╭─ Supplied information
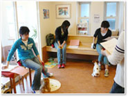 食事、お散歩、トイレなど生活する中で、しつけはとても重要になります。当院では、プロのインストラクターの方に来ていただきしつけ方指導を行っています。基本は飼い主さんの、ワンちゃんに対する接し方の指導を行います。しつけ方教室を通して、これからの生活の中で、少しずつ改善していくための方法を学びます。一度ではなかなか直らないワンちゃんの悪いクセも、根気良くしつけ方を実践していくことが大切です。「ほめてしつける」トレーニング方法で、ワンちゃんも飼い主さんも楽しみながら、トレーニングしましょう。
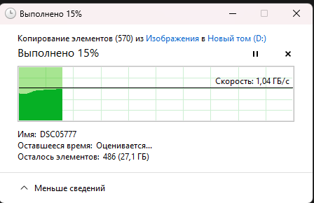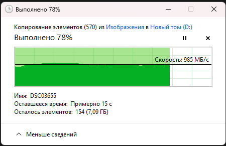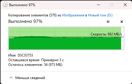 При копировании обычных файлов скорость копирования файлов достигала 990 МБ/с с редкими пиками от 1,04 ГБ/с до 1,12ГБ/с.
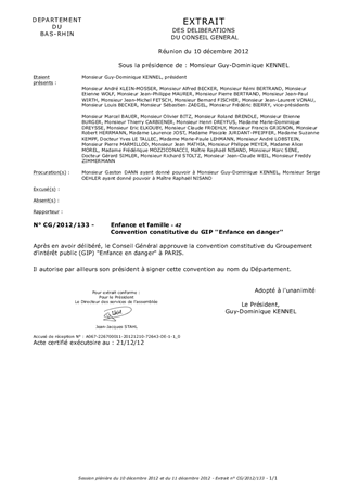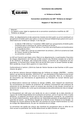Ce rapport a pour objet la signature de la convention constitutive modifiée du GIP ''Enfance en danger''.
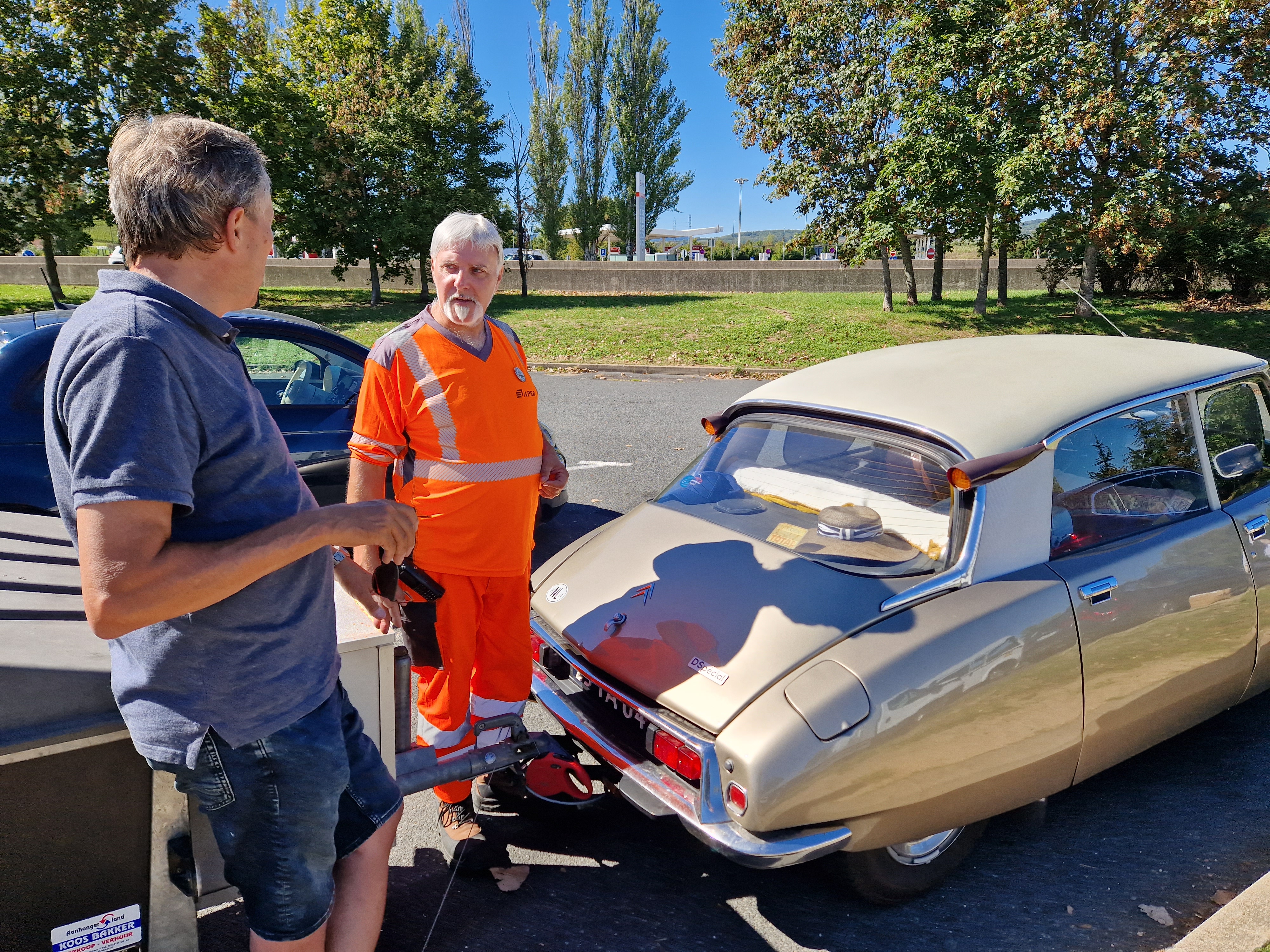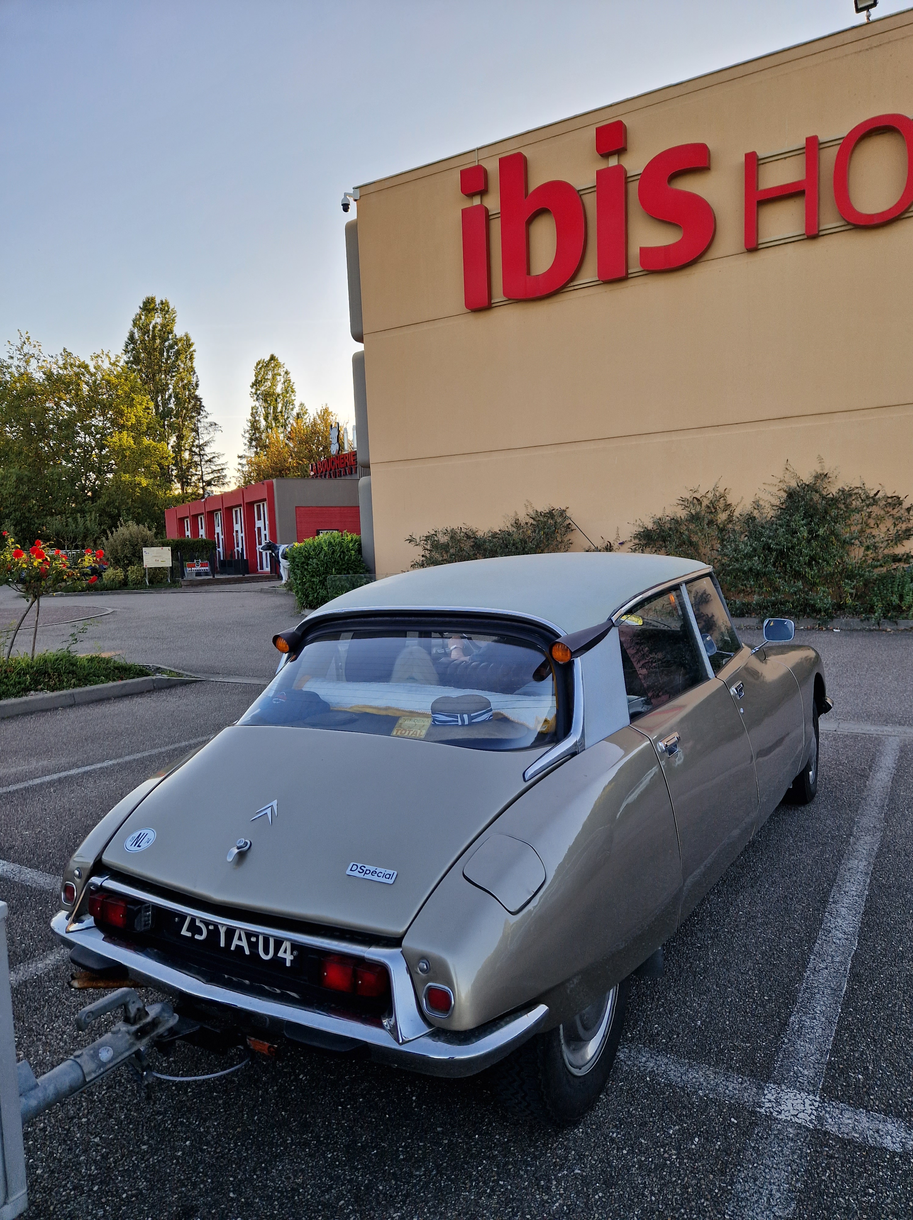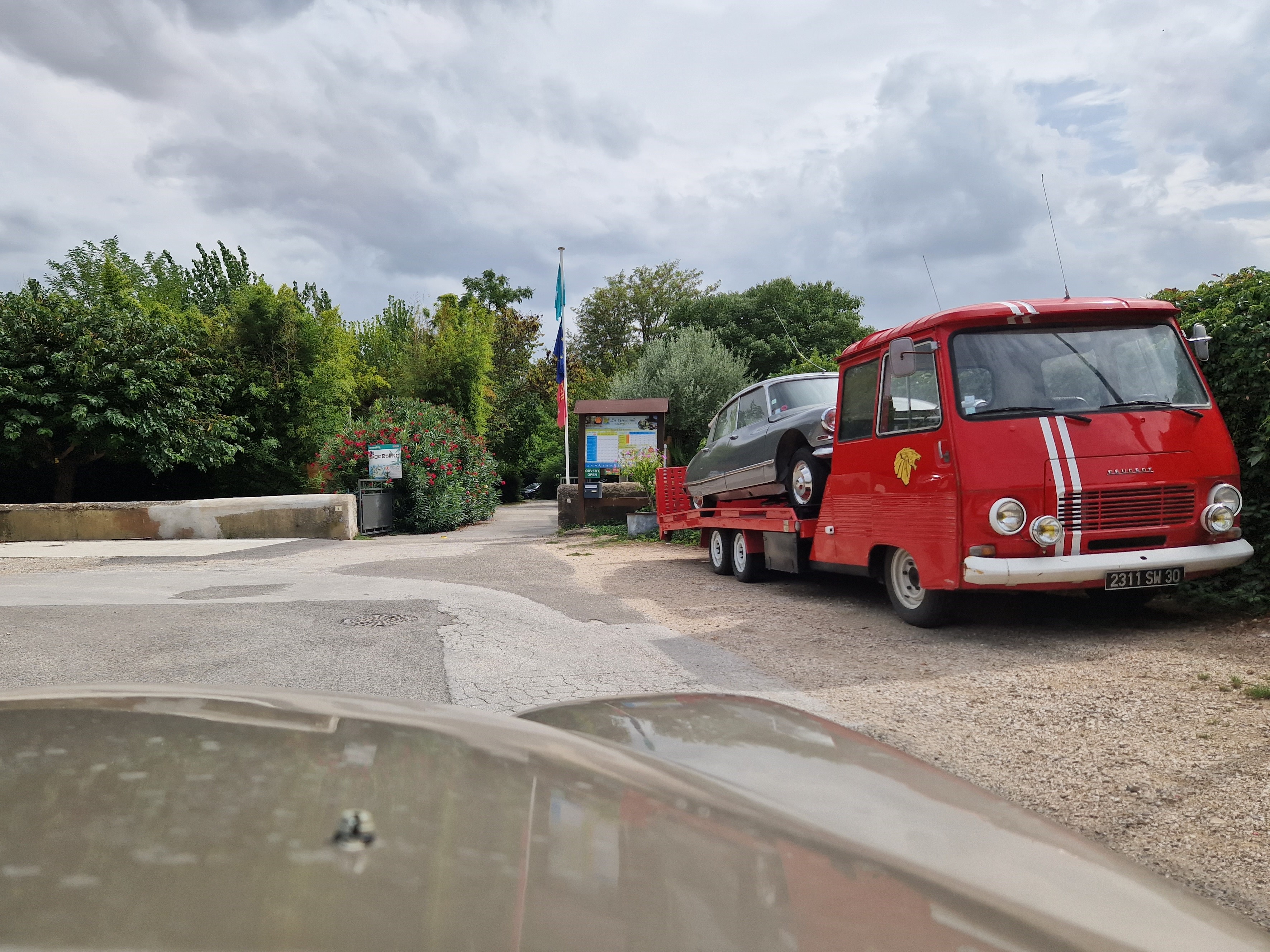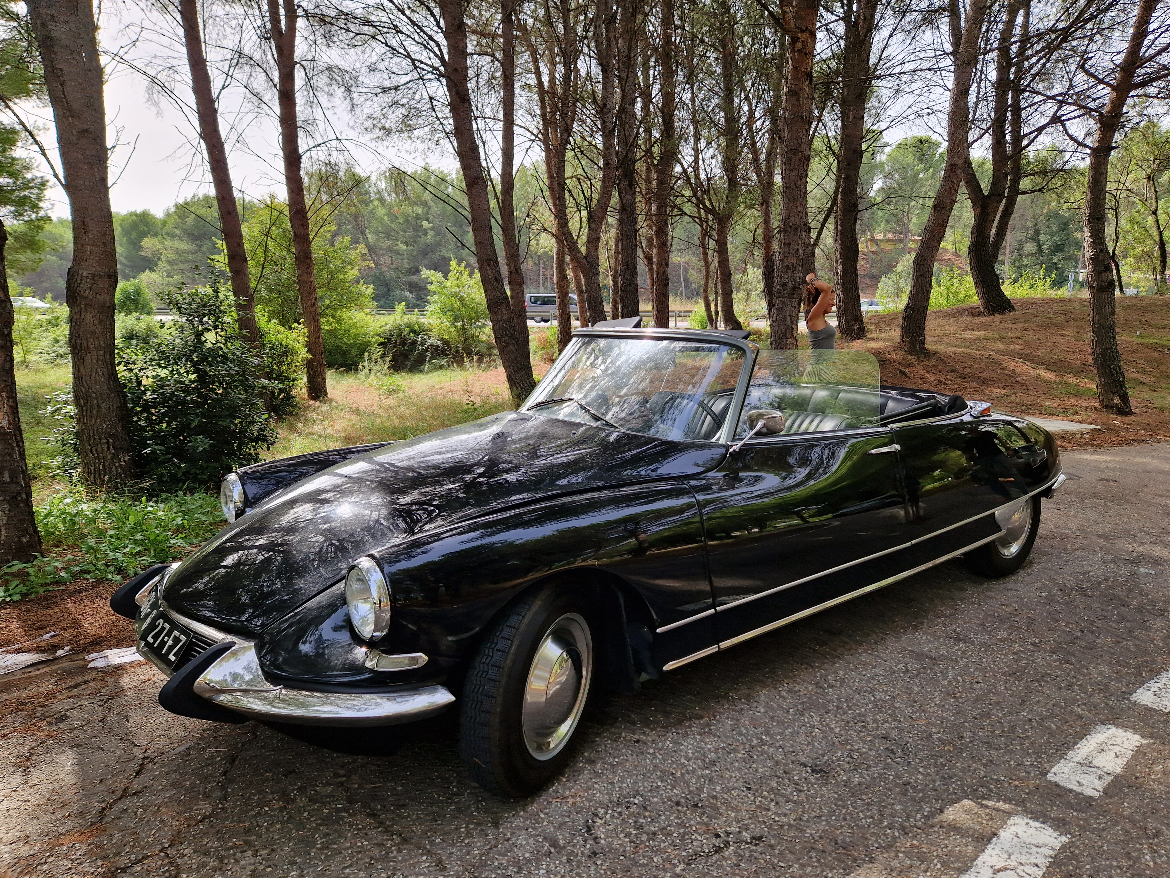 Bij Aire de Ventabren stopt er een zwarte DS Pallas cabrio voor ons. Tot mijn verbazing stappen er Hollanders uit. Ze hebben de auto in Monaco gekocht, rijden er nu mee naar huis om haar in Nederland helemaal te laten nakijken en haar vervolgens terug te brengen naar hun tweede huis in Frankrijk. Een verrassing, zo’n glimmende ontmoeting.
╰─
## Your assignment
All of the material above is to be copied exactly, with no pictures.

## Output for this exercise
 食事、お散歩、トイレなど生活する中で、しつけはとても重要になります。当院では、プロのインストラクターの方に来ていただきしつけ方指導を行っています。基本は飼い主さんの、ワンちゃんに対する接し方の指導を行います。しつけ方教室を通して、これからの生活の中で、少しずつ改善していくための方法を学びます。一度ではなかなか直らないワンちゃんの悪いクセも、根気良くしつけ方を実践していくことが大切です。「ほめてしつける」トレーニング方法で、ワンちゃんも飼い主さんも楽しみながら、トレーニングしましょう。
 При копировании обычных файлов скорость копирования файлов достигала 990 МБ/с с редкими пиками от 1,04 ГБ/с до 1,12ГБ/с.
Ce rapport a pour objet la signature de la convention constitutive modifiée du GIP ''Enfance en danger''.
 Bij Aire de Ventabren stopt er een zwarte DS Pallas cabrio voor ons. Tot mijn verbazing stappen er Hollanders uit. Ze hebben de auto in Monaco gekocht, rijden er nu mee naar huis om haar in Nederland helemaal te laten nakijken en haar vervolgens terug te brengen naar hun tweede huis in Frankrijk. Een verrassing, zo’n glimmende ontmoeting.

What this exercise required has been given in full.